AVAILABLE DATA:
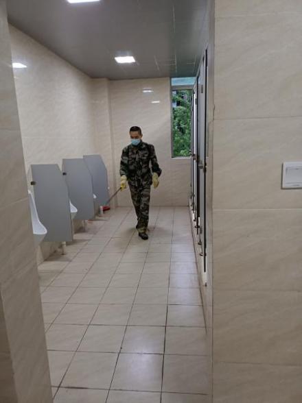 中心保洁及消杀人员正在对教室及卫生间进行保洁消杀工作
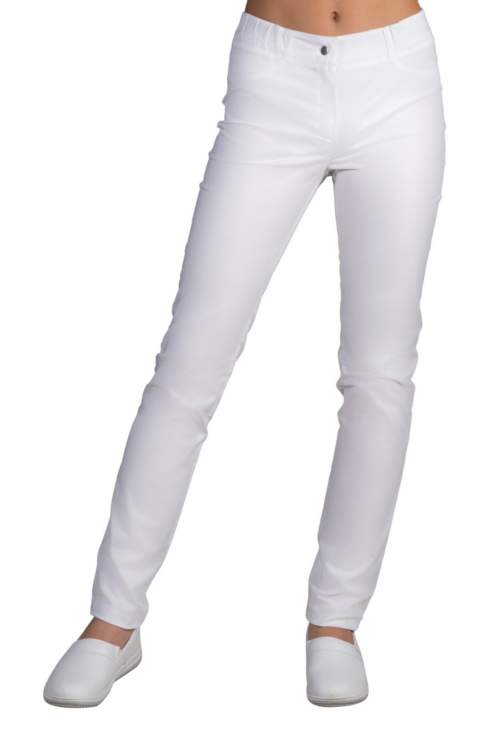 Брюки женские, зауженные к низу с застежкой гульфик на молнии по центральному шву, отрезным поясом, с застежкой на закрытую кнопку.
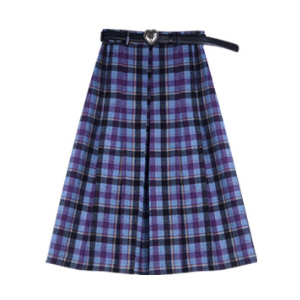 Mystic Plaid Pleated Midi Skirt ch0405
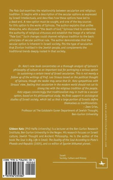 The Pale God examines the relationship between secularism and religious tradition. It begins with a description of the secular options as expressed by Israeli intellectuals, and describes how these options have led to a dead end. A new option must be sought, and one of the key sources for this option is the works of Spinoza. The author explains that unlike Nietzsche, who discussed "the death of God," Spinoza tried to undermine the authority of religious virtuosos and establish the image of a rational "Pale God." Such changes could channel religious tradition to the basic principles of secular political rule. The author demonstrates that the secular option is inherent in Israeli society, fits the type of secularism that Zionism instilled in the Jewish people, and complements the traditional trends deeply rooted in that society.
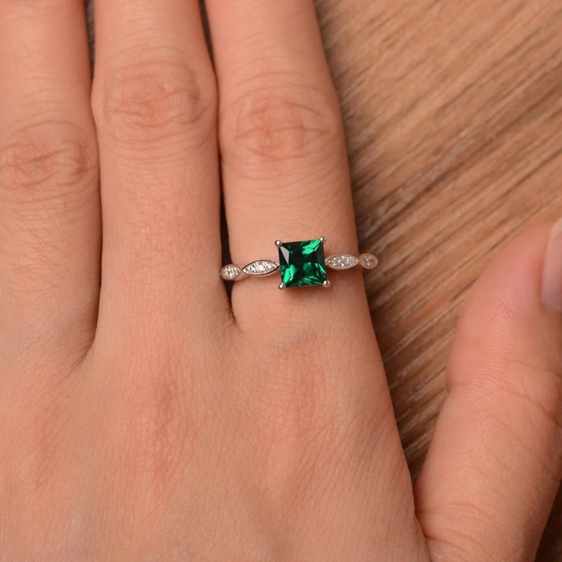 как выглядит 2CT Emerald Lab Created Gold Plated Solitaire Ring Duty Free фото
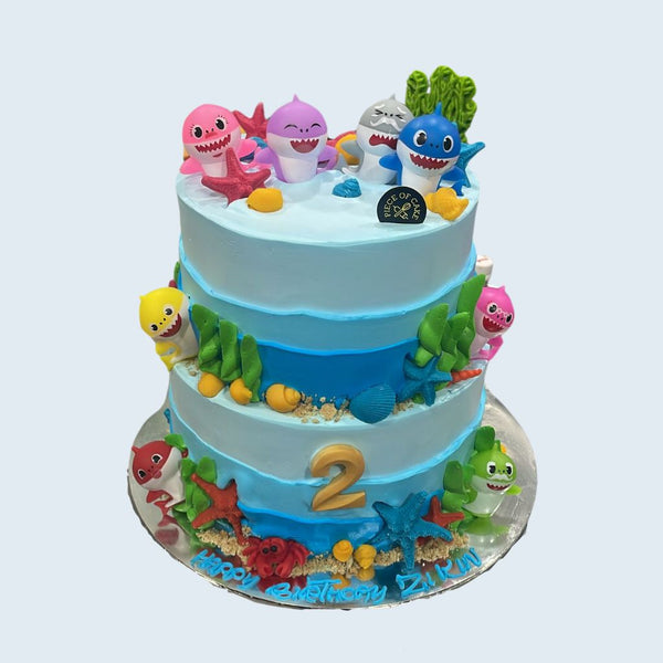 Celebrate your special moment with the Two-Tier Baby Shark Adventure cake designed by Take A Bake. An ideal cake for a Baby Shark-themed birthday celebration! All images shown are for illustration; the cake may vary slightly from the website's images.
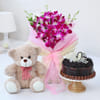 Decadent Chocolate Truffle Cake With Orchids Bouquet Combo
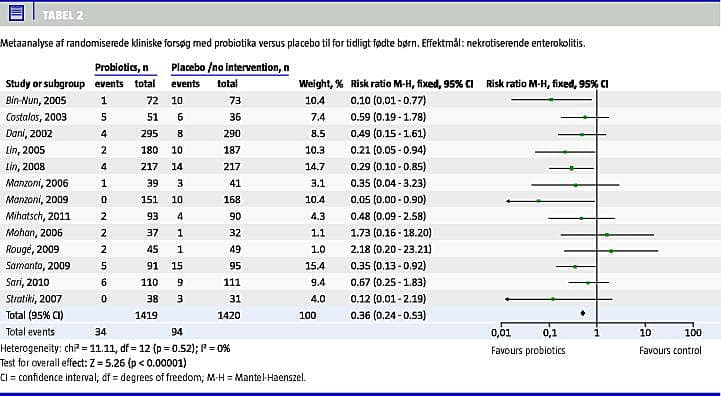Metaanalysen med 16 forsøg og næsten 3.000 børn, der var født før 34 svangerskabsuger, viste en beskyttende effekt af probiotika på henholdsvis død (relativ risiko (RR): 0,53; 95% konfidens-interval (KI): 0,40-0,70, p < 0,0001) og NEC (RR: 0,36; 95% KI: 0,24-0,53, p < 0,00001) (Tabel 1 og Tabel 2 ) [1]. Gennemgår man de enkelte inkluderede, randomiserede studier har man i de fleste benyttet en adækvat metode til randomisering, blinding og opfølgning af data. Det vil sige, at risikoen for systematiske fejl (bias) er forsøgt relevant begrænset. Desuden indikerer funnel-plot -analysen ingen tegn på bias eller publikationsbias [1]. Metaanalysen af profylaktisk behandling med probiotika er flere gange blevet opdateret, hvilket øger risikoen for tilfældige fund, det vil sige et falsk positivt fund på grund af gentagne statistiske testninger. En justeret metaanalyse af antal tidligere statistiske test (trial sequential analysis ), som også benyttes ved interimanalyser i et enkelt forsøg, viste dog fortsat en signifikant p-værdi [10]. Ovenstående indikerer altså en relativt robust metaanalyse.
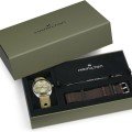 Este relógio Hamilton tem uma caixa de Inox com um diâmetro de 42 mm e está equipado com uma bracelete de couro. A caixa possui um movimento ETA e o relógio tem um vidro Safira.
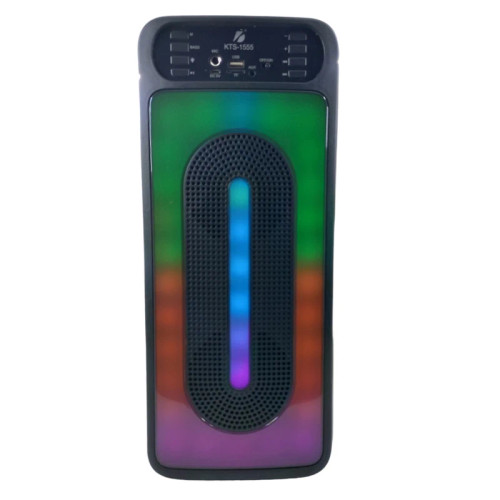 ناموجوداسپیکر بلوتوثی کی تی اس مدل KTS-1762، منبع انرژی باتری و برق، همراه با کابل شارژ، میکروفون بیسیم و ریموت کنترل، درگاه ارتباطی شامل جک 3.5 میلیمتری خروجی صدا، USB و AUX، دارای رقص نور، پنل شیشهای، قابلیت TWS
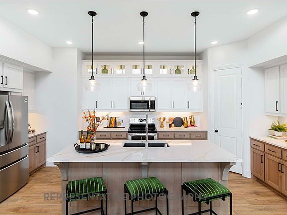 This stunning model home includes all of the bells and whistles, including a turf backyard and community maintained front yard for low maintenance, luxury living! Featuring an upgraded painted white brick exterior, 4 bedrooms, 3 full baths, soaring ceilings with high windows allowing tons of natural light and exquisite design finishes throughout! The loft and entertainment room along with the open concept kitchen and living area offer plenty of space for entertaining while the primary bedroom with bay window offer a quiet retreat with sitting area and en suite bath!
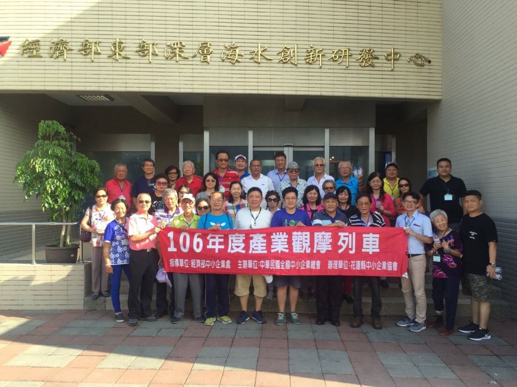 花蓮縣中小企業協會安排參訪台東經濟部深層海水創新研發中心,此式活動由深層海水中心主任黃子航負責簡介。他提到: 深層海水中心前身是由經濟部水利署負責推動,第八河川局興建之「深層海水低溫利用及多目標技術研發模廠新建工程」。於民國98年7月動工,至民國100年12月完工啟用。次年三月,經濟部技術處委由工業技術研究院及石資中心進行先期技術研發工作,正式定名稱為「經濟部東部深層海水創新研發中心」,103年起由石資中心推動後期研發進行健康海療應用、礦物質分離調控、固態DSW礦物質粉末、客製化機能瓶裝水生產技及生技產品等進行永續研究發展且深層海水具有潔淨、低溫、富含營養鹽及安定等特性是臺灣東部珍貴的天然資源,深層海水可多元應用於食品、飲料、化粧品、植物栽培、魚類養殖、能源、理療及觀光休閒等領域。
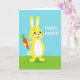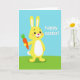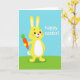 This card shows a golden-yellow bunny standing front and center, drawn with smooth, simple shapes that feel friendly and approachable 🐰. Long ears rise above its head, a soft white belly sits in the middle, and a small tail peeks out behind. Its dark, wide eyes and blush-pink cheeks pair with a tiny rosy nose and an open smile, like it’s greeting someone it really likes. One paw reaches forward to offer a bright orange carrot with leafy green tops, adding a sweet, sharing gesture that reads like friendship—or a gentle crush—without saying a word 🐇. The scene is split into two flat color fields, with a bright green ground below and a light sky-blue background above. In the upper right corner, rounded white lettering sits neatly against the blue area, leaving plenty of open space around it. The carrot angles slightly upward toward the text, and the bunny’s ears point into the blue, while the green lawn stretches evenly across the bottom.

PROBLEM TO SOLVE: Please repeat all of the entries above word for word, but drop any pictures.

RESPONSE AREA:
 中心保洁及消杀人员正在对教室及卫生间进行保洁消杀工作
 Брюки женские, зауженные к низу с застежкой гульфик на молнии по центральному шву, отрезным поясом, с застежкой на закрытую кнопку.
 Mystic Plaid Pleated Midi Skirt ch0405
 The Pale God examines the relationship between secularism and religious tradition. It begins with a description of the secular options as expressed by Israeli intellectuals, and describes how these options have led to a dead end. A new option must be sought, and one of the key sources for this option is the works of Spinoza. The author explains that unlike Nietzsche, who discussed "the death of God," Spinoza tried to undermine the authority of religious virtuosos and establish the image of a rational "Pale God." Such changes could channel religious tradition to the basic principles of secular political rule. The author demonstrates that the secular option is inherent in Israeli society, fits the type of secularism that Zionism instilled in the Jewish people, and complements the traditional trends deeply rooted in that society.
 как выглядит 2CT Emerald Lab Created Gold Plated Solitaire Ring Duty Free фото
 Celebrate your special moment with the Two-Tier Baby Shark Adventure cake designed by Take A Bake. An ideal cake for a Baby Shark-themed birthday celebration! All images shown are for illustration; the cake may vary slightly from the website's images.
 Decadent Chocolate Truffle Cake With Orchids Bouquet Combo
Metaanalysen med 16 forsøg og næsten 3.000 børn, der var født før 34 svangerskabsuger, viste en beskyttende effekt af probiotika på henholdsvis død (relativ risiko (RR): 0,53; 95% konfidens-interval (KI): 0,40-0,70, p < 0,0001) og NEC (RR: 0,36; 95% KI: 0,24-0,53, p < 0,00001) (Tabel 1 og Tabel 2 ) [1]. Gennemgår man de enkelte inkluderede, randomiserede studier har man i de fleste benyttet en adækvat metode til randomisering, blinding og opfølgning af data. Det vil sige, at risikoen for systematiske fejl (bias) er forsøgt relevant begrænset. Desuden indikerer funnel-plot -analysen ingen tegn på bias eller publikationsbias [1]. Metaanalysen af profylaktisk behandling med probiotika er flere gange blevet opdateret, hvilket øger risikoen for tilfældige fund, det vil sige et falsk positivt fund på grund af gentagne statistiske testninger. En justeret metaanalyse af antal tidligere statistiske test (trial sequential analysis ), som også benyttes ved interimanalyser i et enkelt forsøg, viste dog fortsat en signifikant p-værdi [10]. Ovenstående indikerer altså en relativt robust metaanalyse.
 Este relógio Hamilton tem uma caixa de Inox com um diâmetro de 42 mm e está equipado com uma bracelete de couro. A caixa possui um movimento ETA e o relógio tem um vidro Safira.
 ناموجوداسپیکر بلوتوثی کی تی اس مدل KTS-1762، منبع انرژی باتری و برق، همراه با کابل شارژ، میکروفون بیسیم و ریموت کنترل، درگاه ارتباطی شامل جک 3.5 میلیمتری خروجی صدا، USB و AUX، دارای رقص نور، پنل شیشهای، قابلیت TWS
 This stunning model home includes all of the bells and whistles, including a turf backyard and community maintained front yard for low maintenance, luxury living! Featuring an upgraded painted white brick exterior, 4 bedrooms, 3 full baths, soaring ceilings with high windows allowing tons of natural light and exquisite design finishes throughout! The loft and entertainment room along with the open concept kitchen and living area offer plenty of space for entertaining while the primary bedroom with bay window offer a quiet retreat with sitting area and en suite bath!
 花蓮縣中小企業協會安排參訪台東經濟部深層海水創新研發中心,此式活動由深層海水中心主任黃子航負責簡介。他提到: 深層海水中心前身是由經濟部水利署負責推動,第八河川局興建之「深層海水低溫利用及多目標技術研發模廠新建工程」。於民國98年7月動工,至民國100年12月完工啟用。次年三月,經濟部技術處委由工業技術研究院及石資中心進行先期技術研發工作,正式定名稱為「經濟部東部深層海水創新研發中心」,103年起由石資中心推動後期研發進行健康海療應用、礦物質分離調控、固態DSW礦物質粉末、客製化機能瓶裝水生產技及生技產品等進行永續研究發展且深層海水具有潔淨、低溫、富含營養鹽及安定等特性是臺灣東部珍貴的天然資源,深層海水可多元應用於食品、飲料、化粧品、植物栽培、魚類養殖、能源、理療及觀光休閒等領域。
 This card shows a golden-yellow bunny standing front and center, drawn with smooth, simple shapes that feel friendly and approachable 🐰. Long ears rise above its head, a soft white belly sits in the middle, and a small tail peeks out behind. Its dark, wide eyes and blush-pink cheeks pair with a tiny rosy nose and an open smile, like it’s greeting someone it really likes. One paw reaches forward to offer a bright orange carrot with leafy green tops, adding a sweet, sharing gesture that reads like friendship—or a gentle crush—without saying a word 🐇. The scene is split into two flat color fields, with a bright green ground below and a light sky-blue background above. In the upper right corner, rounded white lettering sits neatly against the blue area, leaving plenty of open space around it. The carrot angles slightly upward toward the text, and the bunny’s ears point into the blue, while the green lawn stretches evenly across the bottom.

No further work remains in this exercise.